● What the task requires:
Leave out all pictures. Return exactly the lines from the top of the material through the line containing "圖為執(zhí)勤武警守護著行色匆匆的旅客。".

● Given material:
....

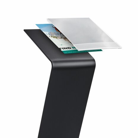 De houder heeft aan de bovenzijde een transparante posterhouder, geschikt voor A4-documenten.
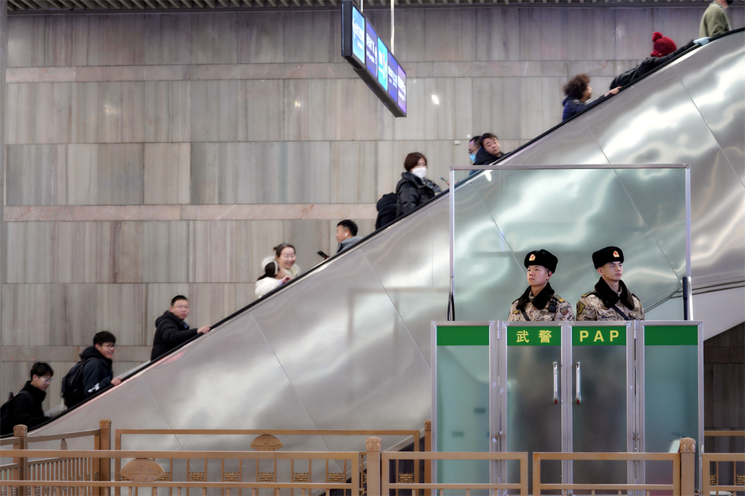圖為執(zhí)勤武警守護著行色匆匆的旅客。
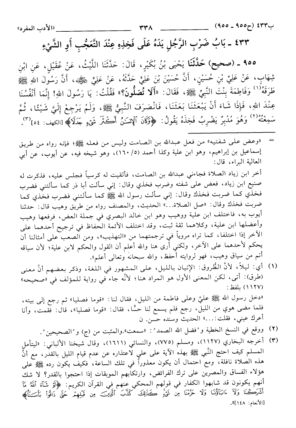 955 - حَدَّثَنَا يَحْيَى بْنُ بُكَيْرٍ، قَالَ: حَدَّثَنَا اللَّيْثُ، عَنْ عُقَيْلٍ، عَنِ ابْنِ شِهَابٍ، عَنْ عَلِيِّ بْنِ حُسَيْنٍ، أَنَّ حُسَيْنَ بْنَ عَلِيٍّ حَدَّثَهُ، عَنْ عَلِيٍّ رَضِيَ اللهُ عَنْهُ، أَنَّ رَسُولَ اللهِ صَلَّى اللهُ عَلَيهِ وَسَلَّمَ طَرَقَهُ وَفَاطِمَةَ بِنْتَ النَّبِيِّ صَلَّى اللهُ عَلَيهِ وَسَلَّمَ، فَقَالَ: أَلاَ تُصَلُّونَ؟ فَقُلْتُ: يَا رَسُولَ اللهِ، إِنَّمَا أَنْفُسُنَا عِنْدَ اللهِ، فَإِذَا شَاءَ أَنْ يَبْعَثَنَا بَعَثَنَا، فَانْصَرَفَ النَّبِيُّ صَلَّى اللهُ عَلَيهِ وَسَلَّمَ، وَلَمْ يَرْجِعْ إِلَيَّ شَيْئًا، ثُمَّ سَمِعْتُه (1) وَهُوَ مُدْبِرٌ يَضْرِبُ فَخِذَهُ يَقُولُ: {وَكَانَ الإِنْسَانُ أَكْثَرَ شَيْءٍ جَدَلاً}.
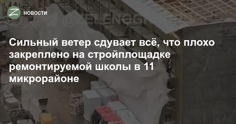 Рабочие пытаются убрать всё, что «парусит» и может улететь. Отдельные фрагменты плёнки уже улетали с этой стройки в соседний лес и повисали на деревьях, откуда их невозможно снять — автовышка подъехать не может, а альпинисты не могут забраться на высокую березу из-за тонких ветвей.

....

● Task response:
 De houder heeft aan de bovenzijde een transparante posterhouder, geschikt voor A4-documenten.
圖為執(zhí)勤武警守護著行色匆匆的旅客。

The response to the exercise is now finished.